Раз уж мы взялись описывать делийского или лахорского гостя, да позволено нам будет употребить сравнение в духе Востока. Итак, индийца окружали, словно звезды луну, четыре индианки с подведенными черным карандашом глазами и подкрашенными шафраном щеками; самой старшей было не более пятнадцати лет; они были закутаны в газ и одеты в белоснежный бухарский кашемир; их глаза так и сияли в освещенном тысячью свечей зале.
Позади раджи — так все называли иноземца — стояло шестеро молодых индийцев в одеяниях, расшитых зеленым, голубым и оранжевым шелком того яркого и теплого оттенка, словно вобравшего в себя солнце, которыми богата палитра Индии: кажется, сам великий Веронезе окунал в нее свою кисть.
Наконец, в самой глубине огромной ложи, где находилась служебная комната, застыли в неподвижности восемь слуг с огромными бородами и в длинных белых перкалевых одеяниях, в алых с золотом тюрбанах.
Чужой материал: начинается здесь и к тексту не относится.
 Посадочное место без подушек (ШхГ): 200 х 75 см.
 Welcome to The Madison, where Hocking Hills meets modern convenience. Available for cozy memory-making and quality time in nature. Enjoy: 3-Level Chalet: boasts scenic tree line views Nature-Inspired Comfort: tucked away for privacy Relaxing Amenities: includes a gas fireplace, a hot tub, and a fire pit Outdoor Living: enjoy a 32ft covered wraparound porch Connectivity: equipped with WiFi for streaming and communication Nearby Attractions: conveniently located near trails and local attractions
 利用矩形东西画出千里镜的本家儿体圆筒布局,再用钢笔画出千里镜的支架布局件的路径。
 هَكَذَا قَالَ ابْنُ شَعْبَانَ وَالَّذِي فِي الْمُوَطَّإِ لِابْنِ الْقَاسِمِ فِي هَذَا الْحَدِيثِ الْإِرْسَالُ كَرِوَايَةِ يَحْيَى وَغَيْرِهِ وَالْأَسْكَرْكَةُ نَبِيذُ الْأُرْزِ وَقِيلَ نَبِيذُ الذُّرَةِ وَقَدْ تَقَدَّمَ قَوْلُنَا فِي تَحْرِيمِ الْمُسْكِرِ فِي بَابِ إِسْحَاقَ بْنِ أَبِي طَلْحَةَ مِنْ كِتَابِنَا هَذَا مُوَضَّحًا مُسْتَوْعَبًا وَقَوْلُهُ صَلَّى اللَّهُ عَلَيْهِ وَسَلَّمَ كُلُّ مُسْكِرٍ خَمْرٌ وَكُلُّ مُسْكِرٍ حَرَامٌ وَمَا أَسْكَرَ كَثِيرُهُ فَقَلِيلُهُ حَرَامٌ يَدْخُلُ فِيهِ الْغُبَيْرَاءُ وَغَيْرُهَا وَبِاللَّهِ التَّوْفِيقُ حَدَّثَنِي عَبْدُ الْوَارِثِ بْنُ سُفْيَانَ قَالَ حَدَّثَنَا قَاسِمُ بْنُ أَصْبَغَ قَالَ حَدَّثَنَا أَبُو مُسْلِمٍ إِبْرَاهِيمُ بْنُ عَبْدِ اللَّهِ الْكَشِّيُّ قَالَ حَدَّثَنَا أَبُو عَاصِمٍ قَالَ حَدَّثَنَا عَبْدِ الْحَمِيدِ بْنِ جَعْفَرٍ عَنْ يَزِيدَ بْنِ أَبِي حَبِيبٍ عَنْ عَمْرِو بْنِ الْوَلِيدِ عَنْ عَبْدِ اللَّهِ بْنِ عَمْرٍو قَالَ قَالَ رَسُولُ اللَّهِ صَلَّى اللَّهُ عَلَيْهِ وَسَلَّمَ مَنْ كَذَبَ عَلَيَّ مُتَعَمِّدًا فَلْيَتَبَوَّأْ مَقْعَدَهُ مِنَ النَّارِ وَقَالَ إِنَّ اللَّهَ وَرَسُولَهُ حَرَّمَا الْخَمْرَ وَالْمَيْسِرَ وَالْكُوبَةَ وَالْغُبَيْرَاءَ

Один из них исполнял при радже обязанности глашатая; он именовался «чупараси» (по названию длинной красной перевязи, проходившей через правое плечо к левому бедру); на ней висела большая золотая пластинка с выгравированными на персидском языке именем, титулами и званиями хозяина.
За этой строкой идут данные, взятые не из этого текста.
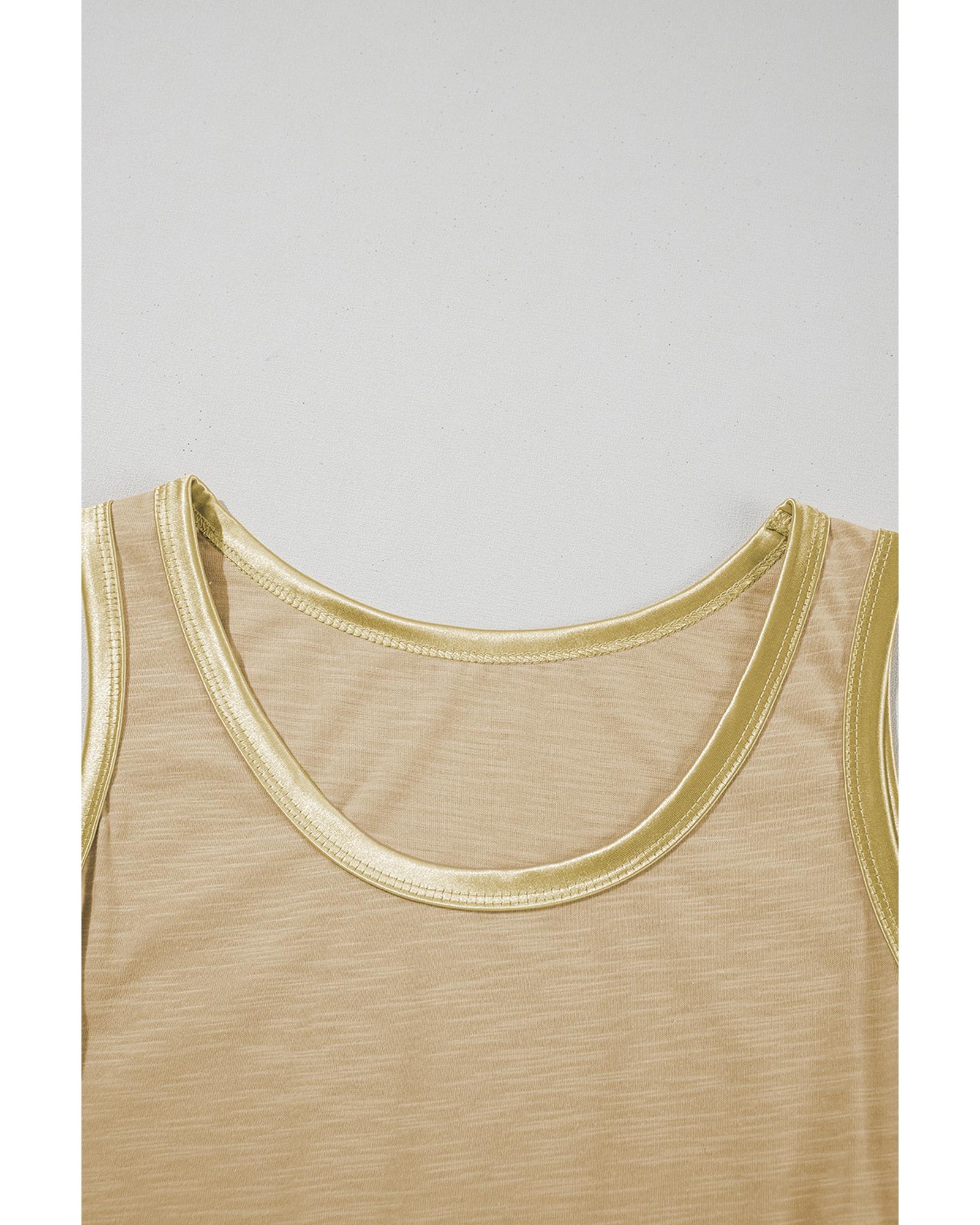 Tan Metallic Sheen Edge Scoop Neck Tank Top - L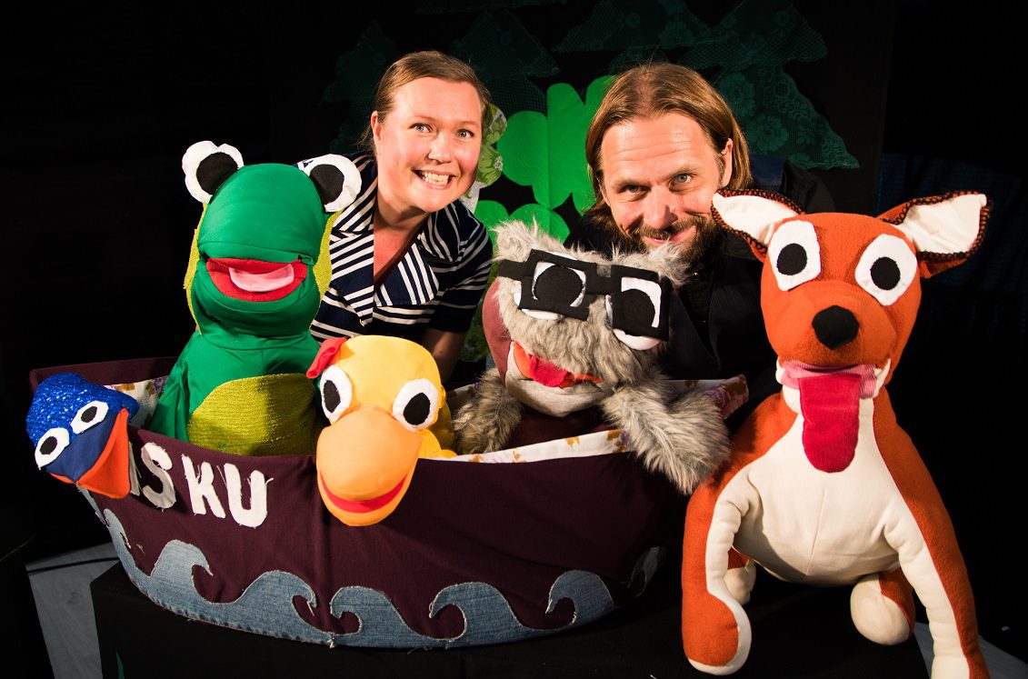 Vaasalainen lastenteatteri Soiva Sammakko esiintyi kirjastossa maanantaina. ”Soiva Sammakko ja seikkailu lammella” oli uudelleenlämmitelty ensimmäinen osa teatterin nimikkohahmon tarinaa. Se kertoi ystävyyden eri muodoista, yksinäisyydestä ja erilaisuuden hyväksymisestä. Kuvassa Pia Leinonen ja Joni Tiala. Esityksen on ohjannut Sarah Bergkulla.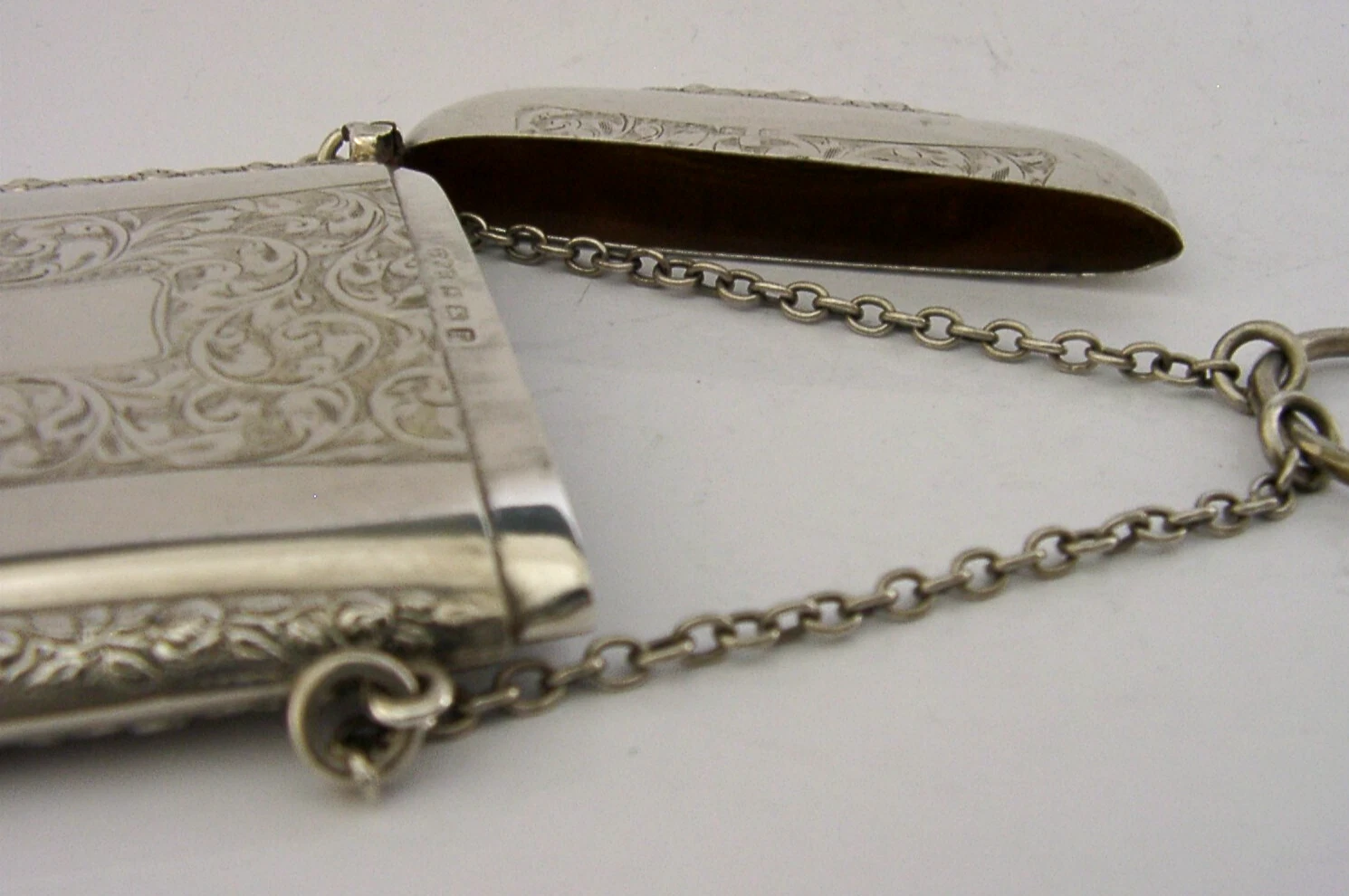 A very stylish English antique solid silver ladies card case. It is hallmarked for Birmingham 1916 with the maker being EJH. It has been superbly made having a chain and finger loop and being finely engraved with scrolls and decorated with roses around its edges. The inside has been gilded. It is in superb condition being free from dings, splits, holes and repairs, just a tiny mark to the reverse - see final photo. It measures approx 4.25 inches (10.4cm) by 3 inches excluding the chain and loop and weighs 71 grams. A beautifully designed high quality example.
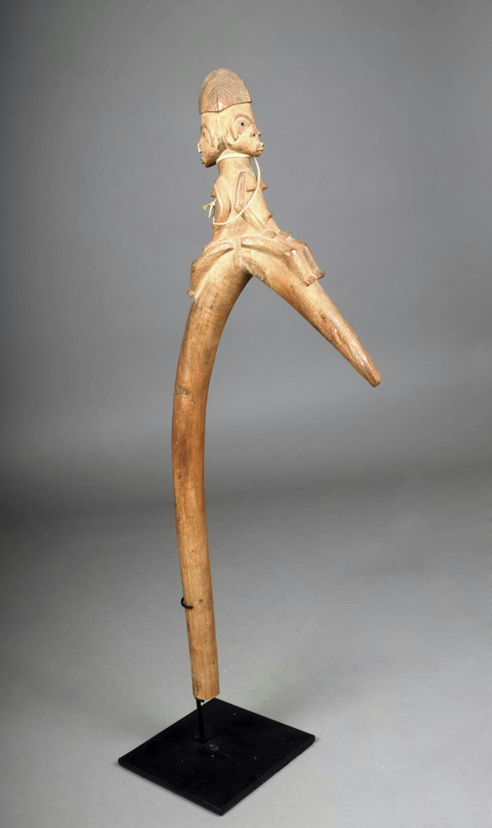 A Lobi staff, Burkina Faso, with a double seated figure surmount, reduced, 62.5cm high.

Другие были делийскими «харкарами», один — мадрасский «тамул» и еще один — бенаресский «пандит», что соответствует нашим камергеру и янычару.
Посреди зрительного зала, блиставшего белизной кружев, и платьев, подобно тому как сверкает на солнце снег, эта индийская ложа, сияющая и яркая, напоминала зеленый оазис на одном из заснеженных гималайских плато. Зрители были ослеплены великолепием заморских гостей; но едва прикрыв глаза, каждый представлял, как перед ним разворачивается панорама всех эти индийских городов, одни названия которых производят на нас такое же впечатление, как сказка или песня: Сазерам, Бенарес, Мирзапур, Каллингер, Кальпу, Агра, Биндрабунд, Мутра, Дели, Лахор, Кашмир. Перед мысленным взором проплывали дворцы, надгробия, мечети, пагоды, беседки, каскады — все чудеса древнеиндийской архитектуры; вы словно купались в ароматах клубники и диких абрикосов; вас обволакивали клубы душистого дыма, поднимавшиеся от подожженных горцами кедровых ветвей на плоскогорьях Джавахира, и с заснеженных вершин, с потонувших в заоблачной дымке пиков вам открывались зеленеющие тибетские равнины, где, как говорят поэты, никогда не бывает дождя, — одним словом, вы забывали обо всем на свете: о театре, о времени, об императоре, о городе, о Европе; вы чувствовали, как у вас за спиной вот-вот вырастут крылья и вы улетите в благословенную землю, посылавшую вам изумительные видения!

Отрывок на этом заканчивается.